> [DATA FOR ANALYSIS]

◇ ◇ ◇

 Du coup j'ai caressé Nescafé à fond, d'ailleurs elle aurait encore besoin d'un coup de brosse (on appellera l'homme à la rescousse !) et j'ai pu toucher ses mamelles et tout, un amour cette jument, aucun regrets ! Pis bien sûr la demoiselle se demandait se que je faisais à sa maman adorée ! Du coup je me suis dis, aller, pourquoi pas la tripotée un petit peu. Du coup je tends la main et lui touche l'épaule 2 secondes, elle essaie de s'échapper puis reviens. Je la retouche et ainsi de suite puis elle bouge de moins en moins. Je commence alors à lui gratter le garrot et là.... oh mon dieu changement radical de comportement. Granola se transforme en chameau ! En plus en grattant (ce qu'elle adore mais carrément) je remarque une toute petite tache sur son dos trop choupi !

◇ ◇ ◇

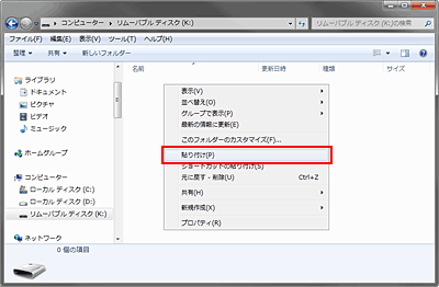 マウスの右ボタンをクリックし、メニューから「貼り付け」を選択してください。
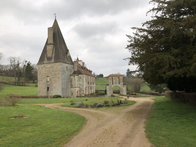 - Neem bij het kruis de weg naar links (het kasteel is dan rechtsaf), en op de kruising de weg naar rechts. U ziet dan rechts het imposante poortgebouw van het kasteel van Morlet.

◇ ◇ ◇

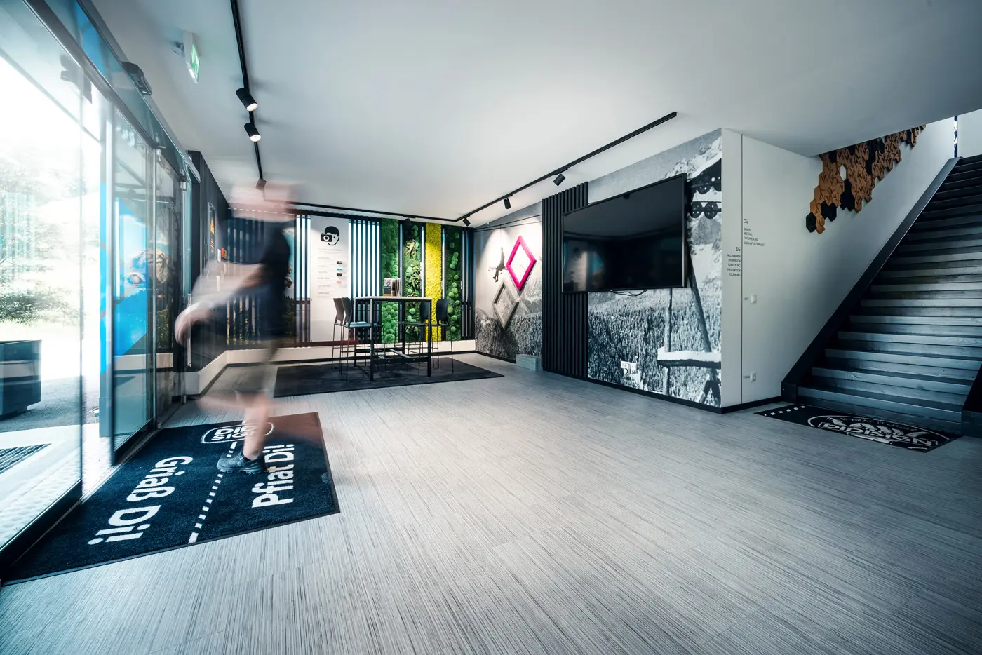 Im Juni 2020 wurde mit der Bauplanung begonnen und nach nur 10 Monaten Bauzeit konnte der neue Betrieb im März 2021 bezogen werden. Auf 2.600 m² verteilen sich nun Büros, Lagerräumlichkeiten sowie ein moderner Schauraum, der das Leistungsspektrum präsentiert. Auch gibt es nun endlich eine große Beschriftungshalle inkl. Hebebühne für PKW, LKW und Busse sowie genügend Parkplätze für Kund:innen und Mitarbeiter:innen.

◇ ◇ ◇

> [YOUR OBJECTIVE] Repeat exactly the lines above, beginning at the one containing "マウスの右ボタンをクリックし、メニューから「貼り付け」を選択してください。" and ending at the one containing "- Neem bij het". Do not carry over any pictures.

> [THE COMPLETED TASK]
 マウスの右ボタンをクリックし、メニューから「貼り付け」を選択してください。
 - Neem bij het kruis de weg naar links (het kasteel is dan rechtsaf), en op de kruising de weg naar rechts. U ziet dan rechts het imposante poortgebouw van het kasteel van Morlet.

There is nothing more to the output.